RAW DATA below:

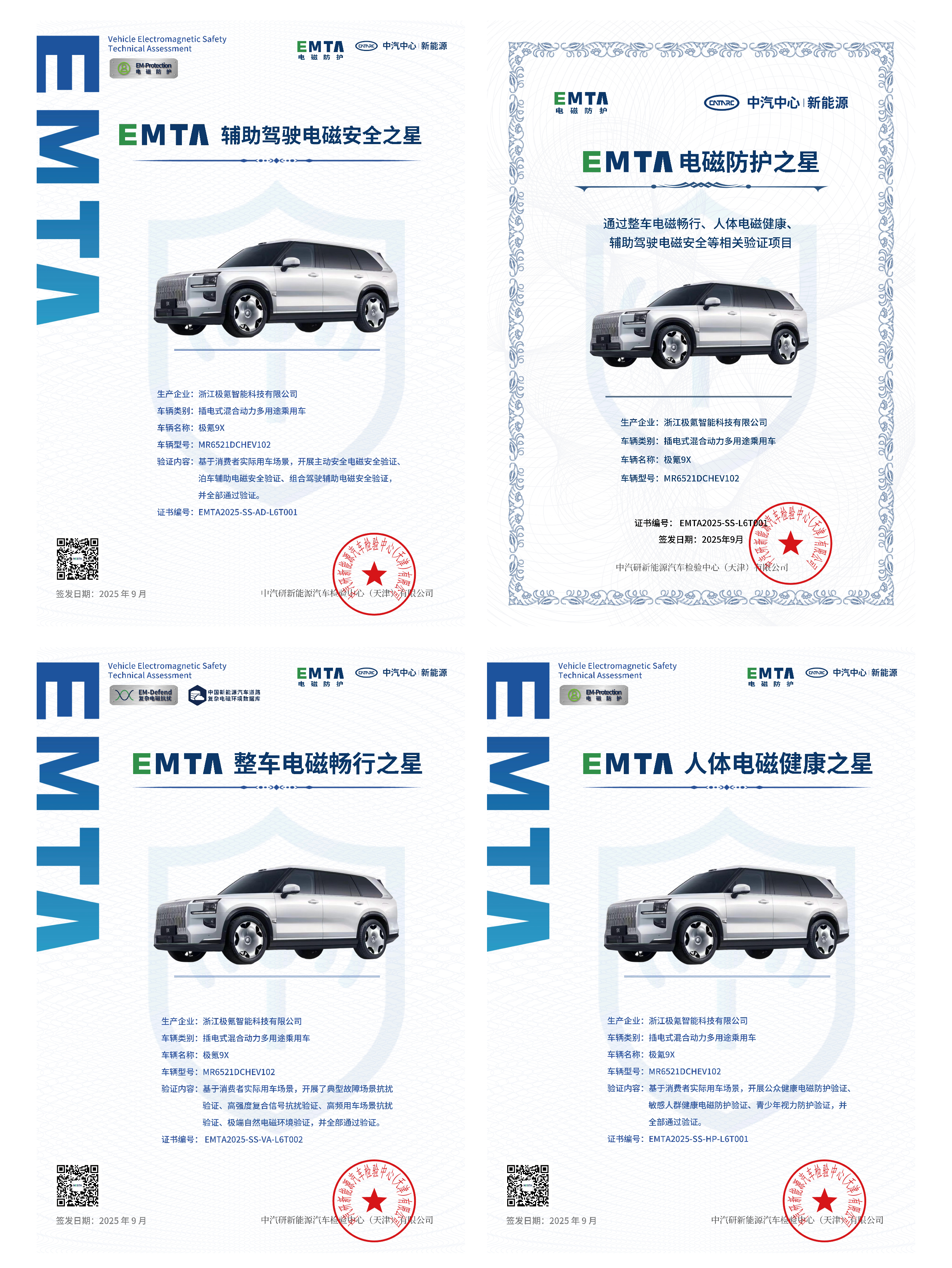 近日,极氪9X凭借行业领先的电磁安全能力,成为首批通过电磁防护验证全部测试的车型,被中汽中心授予“EMTA电磁防护之星”。
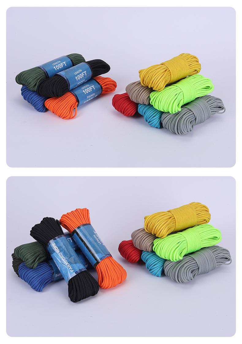 7芯9芯パラコード手織りロープ、キャンプテント、登山、アウトドアサバイバルアドベンチャー、カラフルな編み手縄
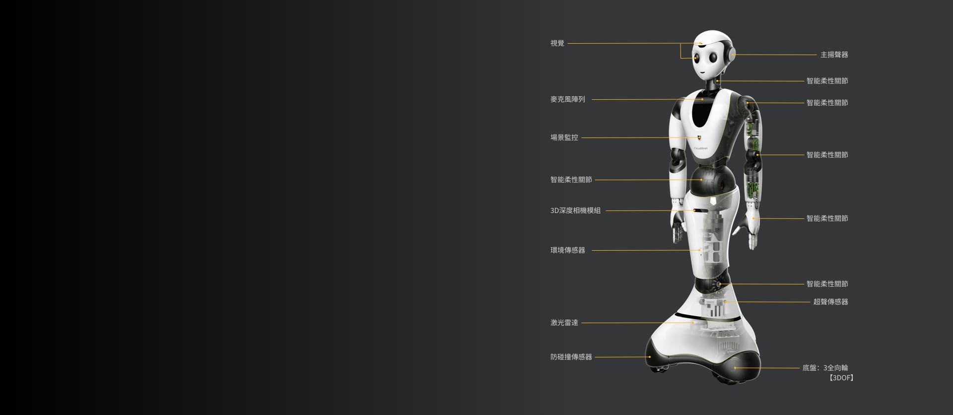 能歌善舞、智能抓取、自主行走、自動避障、自動平衡。
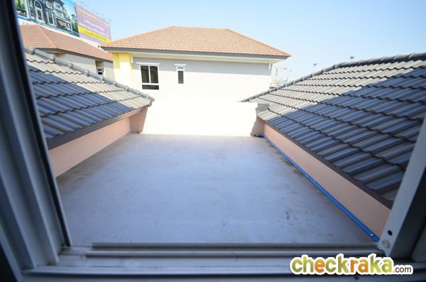 ด้านหลังหน้าต่างเปิดออกไปจะเป็นแบบนี้ค่ะ พื้นที่ด้านนอกสามารถปรับเป็นสวนนั่งเล่น ปูหญ้าเทียม วางโต๊ะเก้าอี้

End of RAW DATA.

* WHAT TO WORK ON *
Give back exactly the lines from the line with "7芯9芯パラコード手織りロー" through the end of the material above, and omit every picture.

* REPLY *
 7芯9芯パラコード手織りロープ、キャンプテント、登山、アウトドアサバイバルアドベンチャー、カラフルな編み手縄
 能歌善舞、智能抓取、自主行走、自動避障、自動平衡。
 ด้านหลังหน้าต่างเปิดออกไปจะเป็นแบบนี้ค่ะ พื้นที่ด้านนอกสามารถปรับเป็นสวนนั่งเล่น ปูหญ้าเทียม วางโต๊ะเก้าอี้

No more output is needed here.